Please download RKill from here: RKill Download Link (http://www.bleepingcomputer.com/download/anti-virus/rkill). Select the button labeled
iExplore.exe download link and save it on your desktop.
If you have Windows XP, double-click RKill to run. With Windows Vista or Windows 7, users right-click and choose Run as Admin.
http://www.bleepingcomputer.com/virus-removal/remove-tdss-tdl3-alureon-rootkit-using-tdsskiller
Please download the
TDSSKiller.exe (http://support.kaspersky.com/downloads/utils/tdsskiller.exe) by Kaspersky... save it to your Desktop.
<-Important!!!- Double-click on TDSSKiller.exe to run the tool for known TDSS variants.
Vista - W7 users: Right-click and select "Run As Administrator".
If TDSSKiller does not run... rename it. Right-click on TDSSKiller.exe, select Rename and give it a random name with the .com file extension (i.e. ektfhtw.com).
If you don't see file extensions, please see: How to change the file extension (http://www.mediacollege.com/microsoft/windows/extension-change.html).
- Click the Start Scan button.
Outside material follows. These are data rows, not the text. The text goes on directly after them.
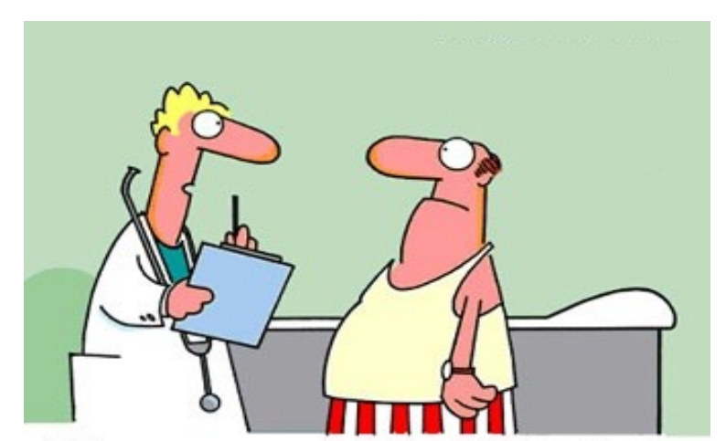
"Have you ever considered Gatorade as a substitute for pickle juice, Mr. Gristle?"

It's also said that professional athletes used to drink pickle juice before sports drinks like Gatorade were invented.
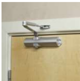
Auto Door Closer
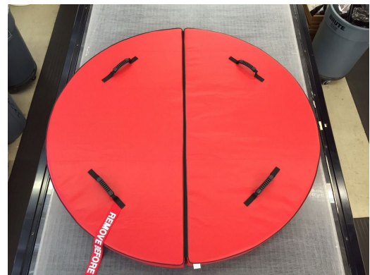
Boeing 737 Max Intake Plug, folding type

Do not use the computer during the scan!
- If the scan completes with nothing found, click Close to exit.
- If malicious objects are found, they will show in the "Scan results - Select action for found objects[/b]" and offer 3 options.
- Ensure Cure (default) is selected... then click Continue > Reboot now to finish the cleaning process.
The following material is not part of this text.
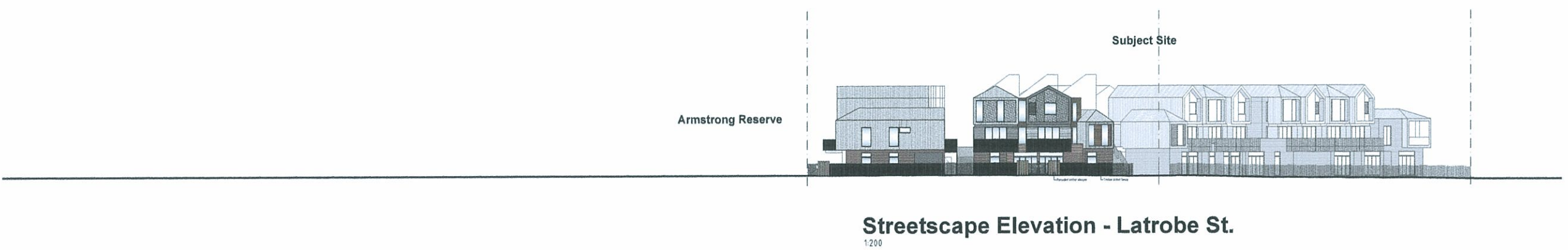
Streetscape Elevation - Latrobe St. 1:200

- A log file named TDSSKiller_version_dd.mm.yyyy_hh.mm.ss_log.txt will be created and saved to the root directory. (usually Local Disk C:).
- Copy and paste the contents of that file in your next reply.
Please download
Malwarebytes' Anti-Malware (http://www.malwarebytes.org/mbam.php) to your desktop.
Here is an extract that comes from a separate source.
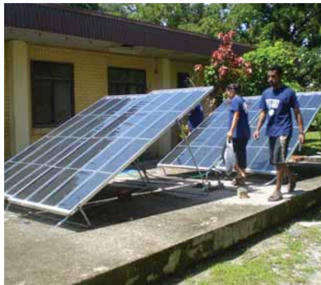
Solar panels installed for water purification in Nauru.

To reduce vulnerability and to increase adaptive capacity to the adverse effects of climate change, the Pacific Adaptation to Climate Change (PACC) programme in Nauru aimed to reduce the impacts of drought by improving management of the island's water supply.
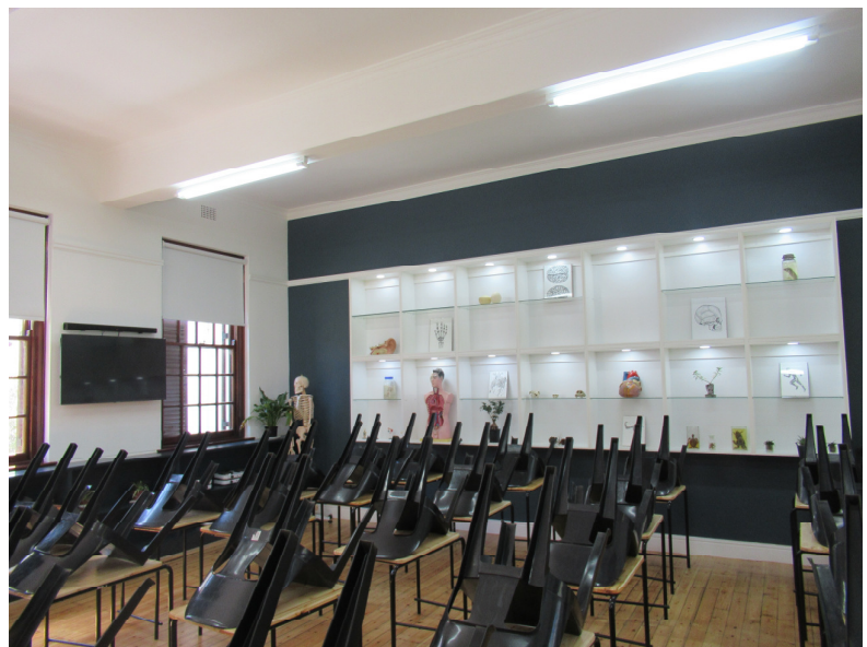
Science room so far: needing new workstations and connections

The Science Room Project will be an extra undertaking as the RA Committee will continue with awarding and increasing scholarships to learners from our limited funds.

- Double-click mbam-setup.exe and follow the prompts to install the program.
- At the end, be sure a checkmark is placed next to
Update Malwarebytes' Anti-Malware and
Launch Malwarebytes' Anti-Malware - Click Finish.
- If an update is found, it will download and install the latest version.
- Once the program has loaded, be sure Quick scan is selected, then click Scan.
- When the scan is complete, click OK, then Show Results to view the results.
- Be sure that everything is checked, EXCEPT items in System Restore as shown in this sample:
(https://www.landzdown.com/proxy.php?request=http%3A%2F%2Fsecuritygarden.googlepages.com%2FMBAM_SR.png&hash=38adbab18bc0003ecf543fafb564e34dadece253) - Click Remove Selected.
- When disinfection is completed, a log will open in Notepad and you may be prompted to Restart. (See the Note below)
- The log is automatically saved by MBAM and can be viewed by clicking the Logs tab in MBAM.
- Please post contents of that file in your next reply.
** Note **If MBAM encounters a file that is difficult to remove, you will be presented with 1 of 2 prompts. Click
OK to either and let MBAM proceed with the disinfection process. If asked to restart the computer, please do so immediately.
Now to restore your files. Please download Unhide.exe (http://download.bleepingcomputer.com/grinler/unhide.exe) to your desktop. Double-click on the Unhide.exe icon on your desktop and allow the program to run. This program will remove the +H, or hidden, attribute from all the files on your hard drives. If there are any files that were purposely hidden by you, you will need to hide them again after this tool is run.
If the infection changed your desktop background to a solid black color, let me know and I will provide the steps to correct.
Please provide a copy of the TDSS and MBAM logs with your reply.
Thanks! I'm gonna have to wait until tomorrow to do all that...it's about my bedtime right now! :D
Also..I'm not sure what all my son did to get rid of it, but I think he said something about System Restore. Is that going to make any difference to the directions you're posted?
Hi, TFAWIUTB.
There are times when System Restore will solve a problem. However, it is also possible to restore to a point where the computer was already infected. At this point, just proceed with the instructions I provided.